### [Work request]
Find "Custom matted photo" in the entries below; copy that line through the last, exactly, with no pictures.

Source records
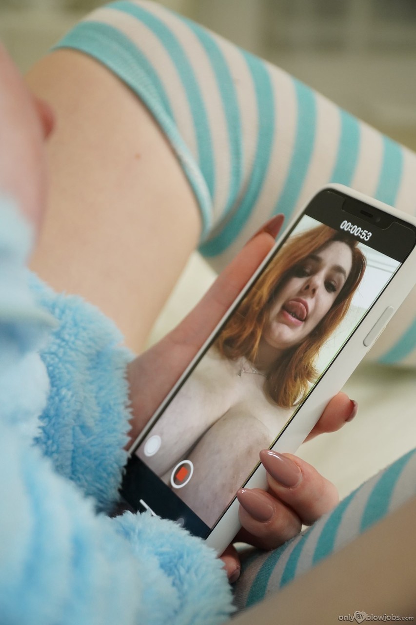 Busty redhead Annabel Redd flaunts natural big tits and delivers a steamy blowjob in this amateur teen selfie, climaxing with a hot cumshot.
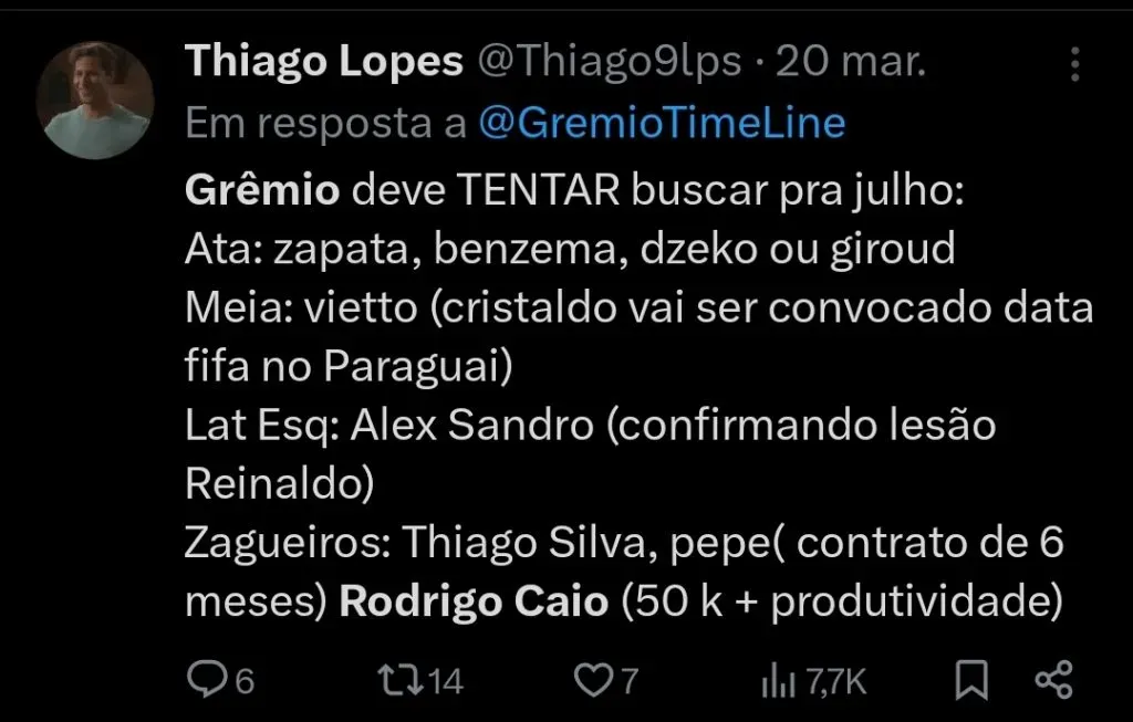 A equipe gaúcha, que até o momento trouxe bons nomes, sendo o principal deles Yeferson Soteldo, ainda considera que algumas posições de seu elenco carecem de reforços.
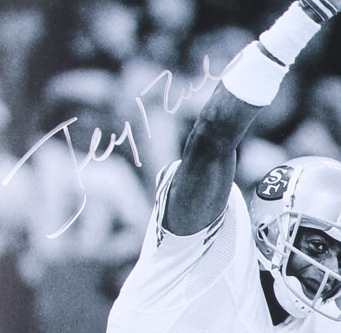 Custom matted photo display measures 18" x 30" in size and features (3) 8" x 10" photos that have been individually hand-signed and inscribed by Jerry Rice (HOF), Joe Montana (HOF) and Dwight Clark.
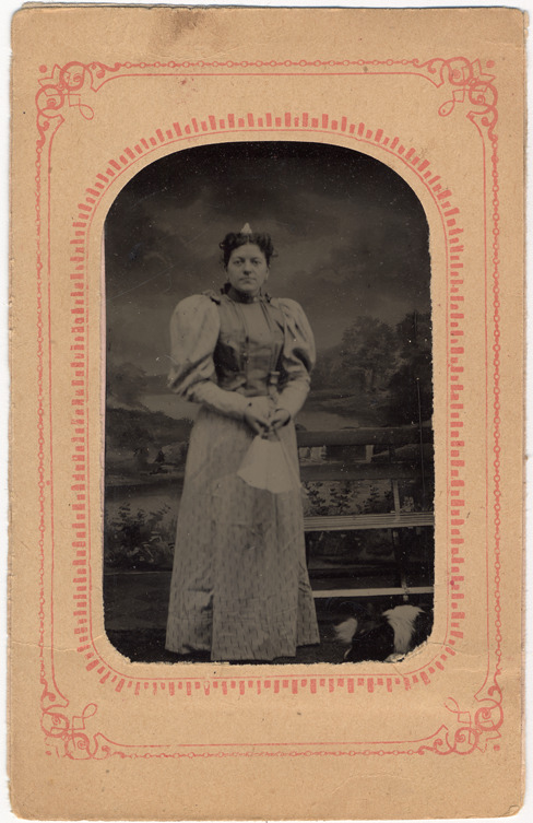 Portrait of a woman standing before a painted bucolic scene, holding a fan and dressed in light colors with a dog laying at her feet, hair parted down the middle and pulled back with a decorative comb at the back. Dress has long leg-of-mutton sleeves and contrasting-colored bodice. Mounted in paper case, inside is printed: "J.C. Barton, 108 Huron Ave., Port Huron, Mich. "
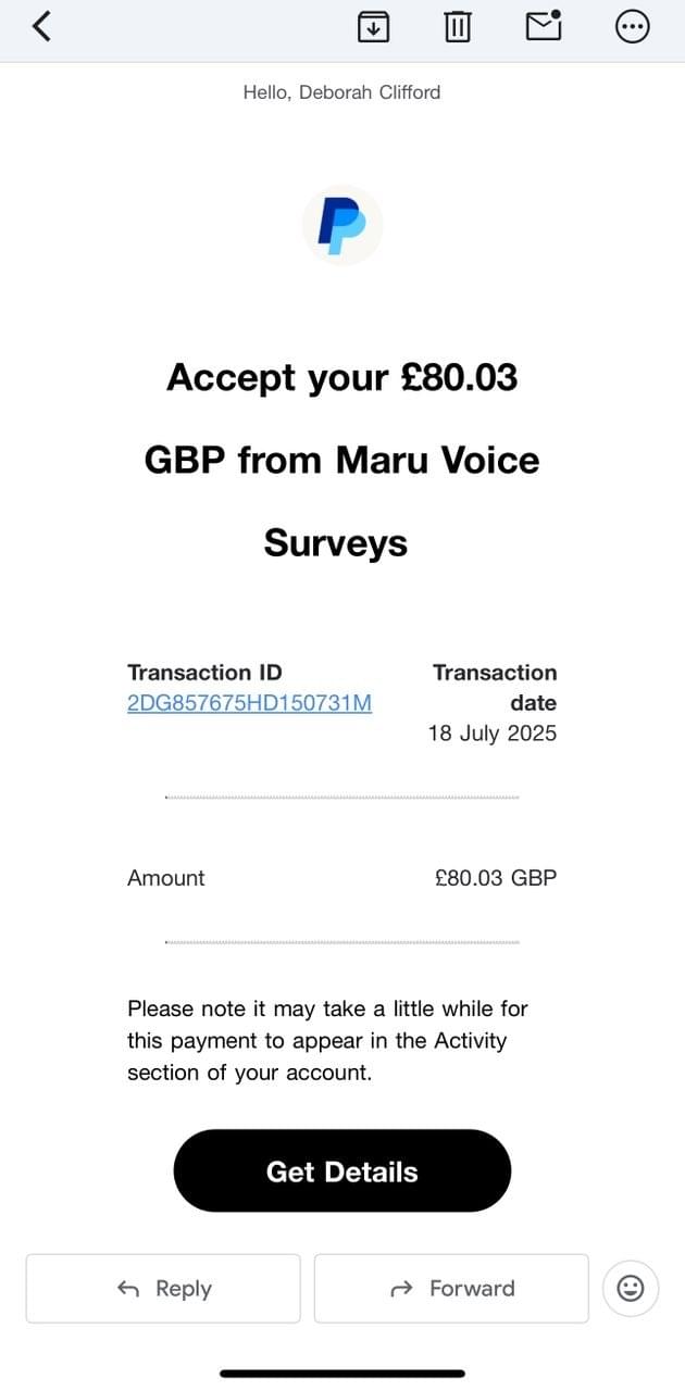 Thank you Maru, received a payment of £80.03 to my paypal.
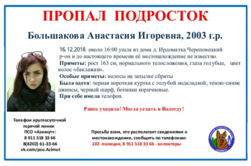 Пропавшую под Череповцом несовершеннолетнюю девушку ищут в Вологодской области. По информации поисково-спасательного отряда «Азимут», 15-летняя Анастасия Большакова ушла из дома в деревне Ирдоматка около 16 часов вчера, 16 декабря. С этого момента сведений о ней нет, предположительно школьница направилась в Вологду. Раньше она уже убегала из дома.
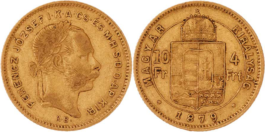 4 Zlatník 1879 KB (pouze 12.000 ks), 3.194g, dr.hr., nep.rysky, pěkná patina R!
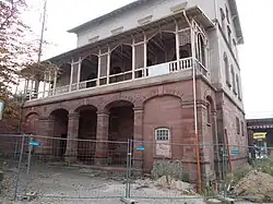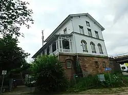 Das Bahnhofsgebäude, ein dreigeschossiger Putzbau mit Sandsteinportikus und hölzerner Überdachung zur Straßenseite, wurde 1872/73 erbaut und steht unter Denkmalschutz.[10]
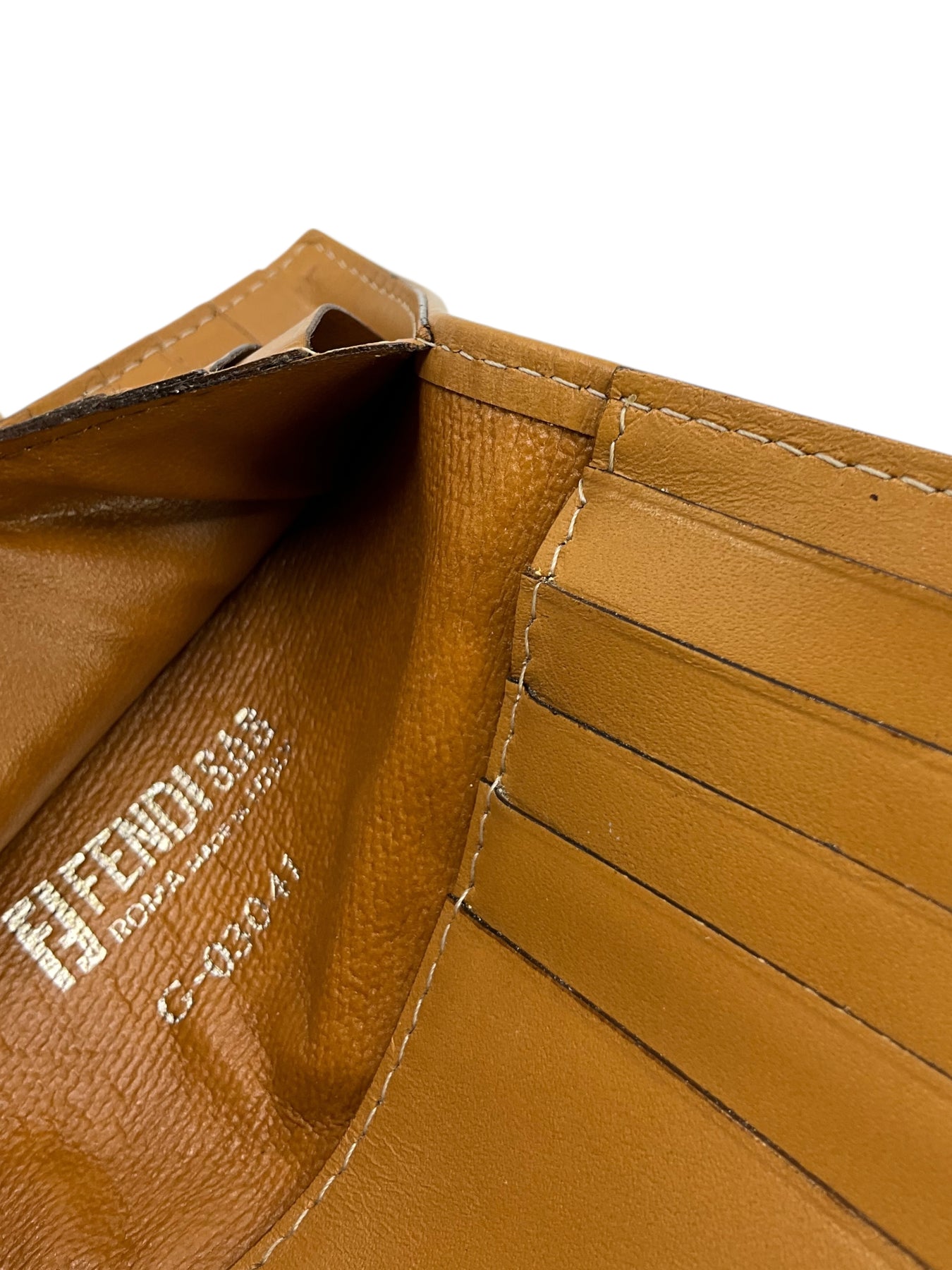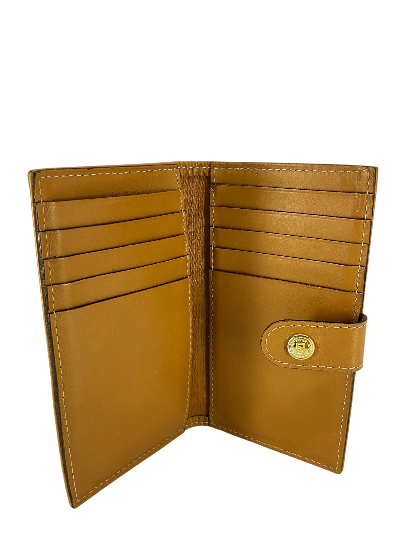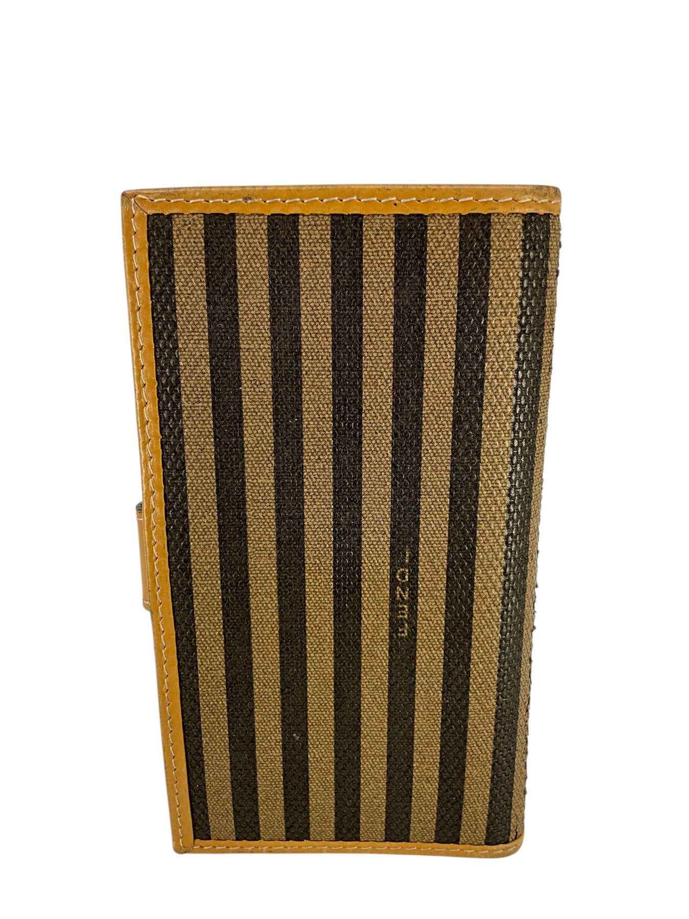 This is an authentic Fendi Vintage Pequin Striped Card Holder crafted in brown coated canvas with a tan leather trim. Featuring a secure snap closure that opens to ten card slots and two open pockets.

### [Output for this task]
 Custom matted photo display measures 18" x 30" in size and features (3) 8" x 10" photos that have been individually hand-signed and inscribed by Jerry Rice (HOF), Joe Montana (HOF) and Dwight Clark.
 Portrait of a woman standing before a painted bucolic scene, holding a fan and dressed in light colors with a dog laying at her feet, hair parted down the middle and pulled back with a decorative comb at the back. Dress has long leg-of-mutton sleeves and contrasting-colored bodice. Mounted in paper case, inside is printed: "J.C. Barton, 108 Huron Ave., Port Huron, Mich. "
 Thank you Maru, received a payment of £80.03 to my paypal.
 Пропавшую под Череповцом несовершеннолетнюю девушку ищут в Вологодской области. По информации поисково-спасательного отряда «Азимут», 15-летняя Анастасия Большакова ушла из дома в деревне Ирдоматка около 16 часов вчера, 16 декабря. С этого момента сведений о ней нет, предположительно школьница направилась в Вологду. Раньше она уже убегала из дома.
 4 Zlatník 1879 KB (pouze 12.000 ks), 3.194g, dr.hr., nep.rysky, pěkná patina R!
 Das Bahnhofsgebäude, ein dreigeschossiger Putzbau mit Sandsteinportikus und hölzerner Überdachung zur Straßenseite, wurde 1872/73 erbaut und steht unter Denkmalschutz.[10]
 This is an authentic Fendi Vintage Pequin Striped Card Holder crafted in brown coated canvas with a tan leather trim. Featuring a secure snap closure that opens to ten card slots and two open pockets.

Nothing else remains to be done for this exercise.